The Kings of Madison Avenue: David Bell - The new chief executive of True North talks to Caroline Marshall about life as Bruce Mason’s successor

Indisputably ambitious businessman, 4.30am riser, Wall Street innocent, tireless advertising advocate, skilful motivator, acquisition hunter, 1999 Good Scout Honoree from the Boy Scouts of America for community service ... which David Bell do you want?

Indisputably ambitious businessman, 4.30am riser, Wall Street

innocent, tireless advertising advocate, skilful motivator, acquisition

hunter, 1999 Good Scout Honoree from the Boy Scouts of America for

community service ... which David Bell do you want?

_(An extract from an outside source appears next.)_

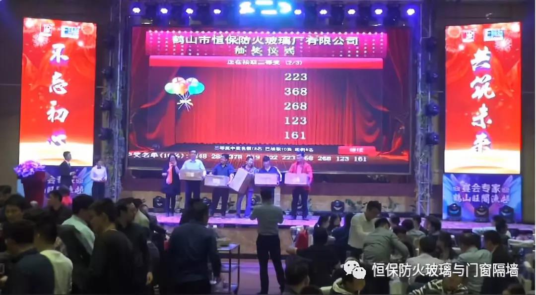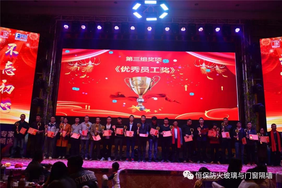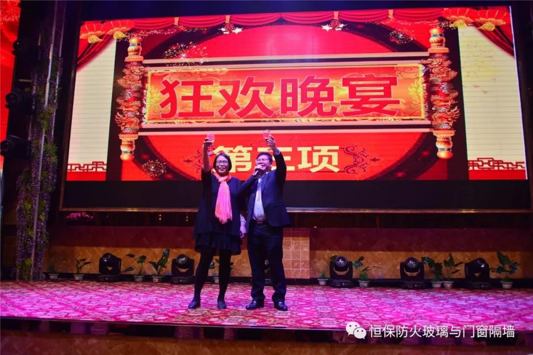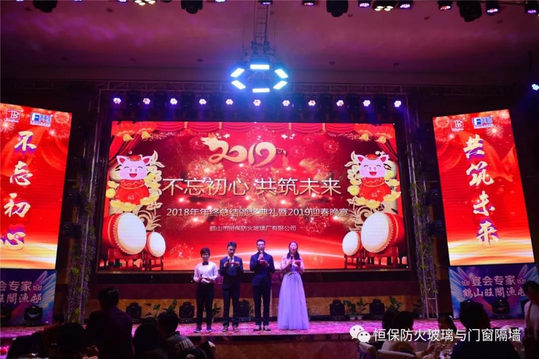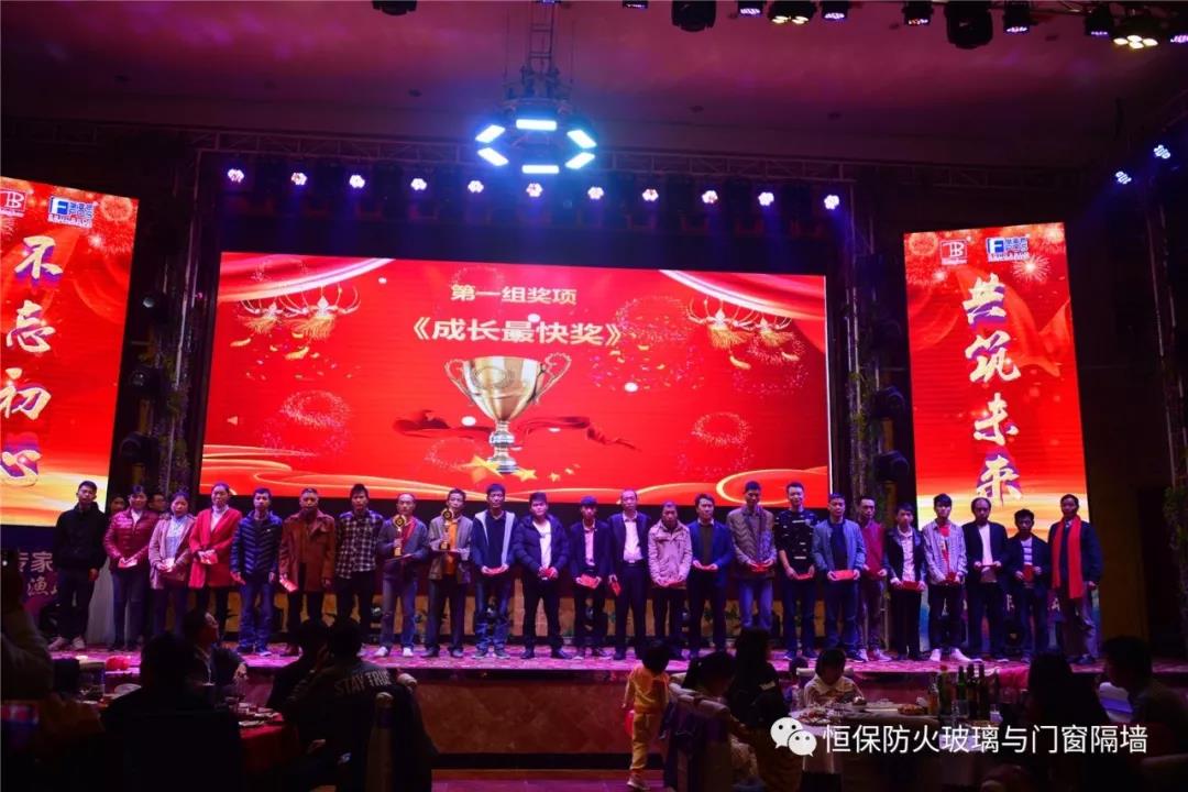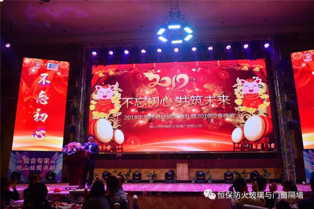 19:30分,恒保年會在鼓舞飛揚中拉開了帷幕,首先是恒保總經(jīng)理陳沃林先生做年終致辭,陳總回顧了2018年所取得的成績與不足,并提出了2019年恒保要全力以赴,不忘初心,繼續(xù)奮斗,再創(chuàng)佳績的戰(zhàn)略方針。2018年是恒保跨越發(fā)展的一年。全體恒保家人,團結(jié)一心,艱苦奮斗,全力實現(xiàn)了公司既定的年度目標(biāo),同比各項重要指標(biāo)增長逾80%。2018年我們大力引進(jìn)新設(shè)備,開發(fā)新產(chǎn)品10多項,產(chǎn)品通過國家檢測20多項 ,至此,恒保出品已擁有37個3C認(rèn)證,158份檢驗報告,成為行業(yè)內(nèi)公認(rèn)通過國家檢驗、認(rèn)證最多的防火玻璃門窗企業(yè);2018年在行業(yè)各類權(quán)威獎項評比中,榮獲“全國鋁門窗幕墻展 年度星品獎”、榮獲“新玻網(wǎng) 門窗玻璃十強企業(yè)”、陳沃林總經(jīng)理榮獲鶴山市工商聯(lián)系統(tǒng)“工匠之星”稱號、陳沃林總經(jīng)理榮獲第五屆中國玻璃行業(yè)“玻璃工匠”稱號、榮獲第三屆建筑門窗金軒獎“最具創(chuàng)新力配套產(chǎn)品”、榮獲第三屆建筑門窗金軒獎“最具發(fā)展?jié)摿ζ髽I(yè)”、榮獲中國門窗幕墻行業(yè)“科技進(jìn)步推動獎”等十多項獎項。2019年我們將持續(xù)優(yōu)化各部門管理,提高員工工作技能、提高生產(chǎn)管理水平、提高生產(chǎn)效率、提高綜合管理能力,減少物料損耗,減少出錯率。加強精密型材、新型防火門窗的開發(fā),滿足不同客戶的需求。2019年恒保上下一心、同心協(xié)力、不忘初心,共筑未來,為實現(xiàn)中國平安夢、世界平安夢繼續(xù)奮斗!

Actually, True North’s new chairman and chief executive is a King of

Madison Avenue who earns the title by proxy. Born in Minneapolis and

midwestern by style and inclination, Bell splits his time between Chicago

where True North is headquartered and New York where his operating groups

are based.



After 34 years in the business, latterly as chief executive of Bozell

Worldwide, where he oversaw a four-year growth rate of 125 per cent, Bell

is well known and well liked in US advertising circles.



He started out with a two-year stint at Leo Burnett Chicago where he

shared a desk in the media research department with Bruce Mason - who he

succeeded as True North’s chief on 31 March. He joined Bozell & Jacobs in

1975 when it bought Knox Reeves Advertising, where he was president by the

age of 27.



He owes part of his profile to those days at Knox Reeves, which was the

leading creative shop in Minneapolis. It also stems from his various

industry positions: he is a recent past chairman of the 4A’s (the US

equivalent of the IPA) and twice chairman of the Advertising Federation

(the AA equivalent).



Bell is less well known on Wall Street, but that will have to change.



’I’m looking forward to spending time with the Wall Street guys,’ he

says.



’You have to be comfortable there, people are gonna know if you don’t like

it.’



Chuck Peebler, who was named chairman emeritus of True North two weeks

ago, had been seen as the likely successor to Mason. Another internal

candidate was FCB’s Worldwide chief executive, Brendan Ryan, who

reportedly didn’t want the job. Peebler was known on Wall Street: he sold

Bozell to True North and had an appropriate track record as an adept,

abrasive, dealmaker. Bell, meanwhile, carved his reputation as the

problem-solving agency man, Peebler’s number two. Now, with Peebler

sidelined, the roles have been reversed and everybody is watching to see

how Bell fares. Can he add value to the company?



True North is the sixth-largest advertising group in the world with

dollars 1.2 billion revenue and dollars 12 billion billings. Its operating

groups are FCB Worldwide (major clients SC Johnson, AT&T, Kraft), Bozell

Worldwide (Daimler Chrysler, Hilton, Bristol Myers-Squibb) and True North

Diversified Communications.



TN Media in the US has more than dollars 3 billion in billings; BJK&E is

its joint European media venture with Tempus. Creatively, the current

highlights of the True North reel come from Bozell: Daimler Chrysler’s

Jeep work and the ubiquitous ’milk moustache’ campaign.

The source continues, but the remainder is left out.